Normal Family Processes
Guilford Press, 1993 - Families - 511 pages
Over the past decade, social changes have redefined the boundaries of "normal family life," calling for a reexamination of assumptions, both explicit and implicit, embedded in our cultural and clinical beliefs. Offering groundbreaking perspectives from leading clinical educators and researchers, this second edition of a classic work addresses the vast diversity of family forms, life challenges, and value systems in our rapidly changing society. The first edition of NORMAL FAMILY PROCESSES is recognized as a milestone in the clinical literature. Completely updated and expanded, this volume continues its pioneering work, covering the current concepts of family functioning and frameworks for assessment and treatment.
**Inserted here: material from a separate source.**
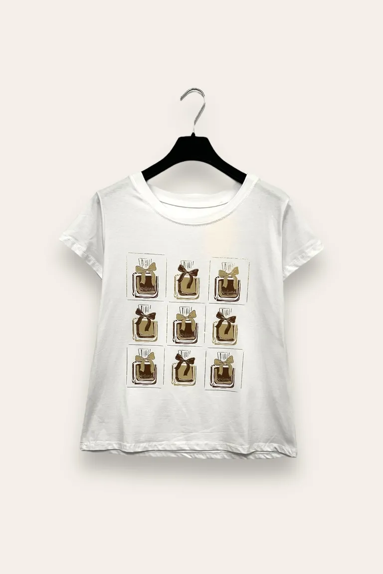 T-shirt con stampa profumi

The book opens with a comprehensive overview of recent conceptual advances regarding normal family functioning. Bridging clinical and social science perspectives, Dr. Walsh places the consideration of normality into a sociohistorical perspective, reminding us that families in our society have always been diverse, and that our idealized model of the "normal family" may have blinded us to the potential for healthy functioning in a variety of family arrangements. Several leading family systems investigators then present state-of-the-art research models that delineate attributes of well-functioning families, discuss the efficacy of numerous clinical assessment instruments, and propose questions and suggestions for guiding intervention and future research.
Addressing the diversity of contemporary family functioning patterns, the following two parts focus on family structure, sociocultural context, and developmental context. Chapters cover the challenges faced by dual-earner, single-parent, and gay and lesbian families, as well as normative processes in divorced, remarried, and adoptive families. and lesbian couples and their families. A broad, cross-cultural perspective on family normality is presented, with consideration given to ethnic differences, the impact of social class and race, and changing gender norms. Normal challenges in the family life cycle are explored, as are the stresses of serious illness on family functioning. The book concludes with an examination of the impact of social policy for families and recommendations for supporting healthy family functioning.
Bringing an important work completely up to date, the second edition of NORMAL FAMILY PROCESSES is an excellent basic text for the education and clinical training of a wide range of mental health professionals and social scientists concerned with healthy family functioning. An invaluable sourcebook for clinicians and researchers alike, it provides a means to compare and utilize leading assessment models; to develop new concepts, assessment tools, and intervention strategies; and to inform all family research, policy, and practice.